Of course, one person’s virtue is another’s non-virtue. And when we agree with A, we don’t accuse them of virtue signalling (or very rarely in the case of overtly obvious image enhancement and the notion that A might not really believe X). They are just good people who are A-Okay by us,

Basically, virtue signalling can be a way of disagreeing with someone’s moral standpoint and communicating this disagreement by poisoning the well and not really dealing with the content.

Now, this might not always be the case, but I think this is often the case with accusers of virtue signalling.

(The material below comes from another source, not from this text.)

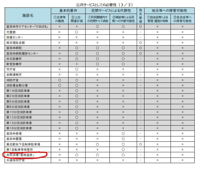 これはその資料の中にあった表ですが、下から2番目に葛城温泉があります。そして葛城温泉の今後については次のような記述がありました。引用します。

This is not to deny that genuine almost explicitly conscious heralding of a moral viewpoint to be seen to be the paragon of virtue actually does happen. I’m sure it does. But I do think that people get attacked for expressing opinions that simply run against the opinion of the accuser, and to make a charge of virtue signalling is to undermine that moral position without dealing with the content. Perhaps there are times where some part of the accuser knows deep down, subconsciously, that the position being originally signalled is really the correct moral position, but one that runs counter to their own intuitive and psychologically derived moral position. Rather than stick their head above the parapet and defend the original position, the lazier approach is to shout “virtue signaller” and run for cover to watch the fallout from afar.

But perhaps, also, I am over-analysing and seeing too much in all of this.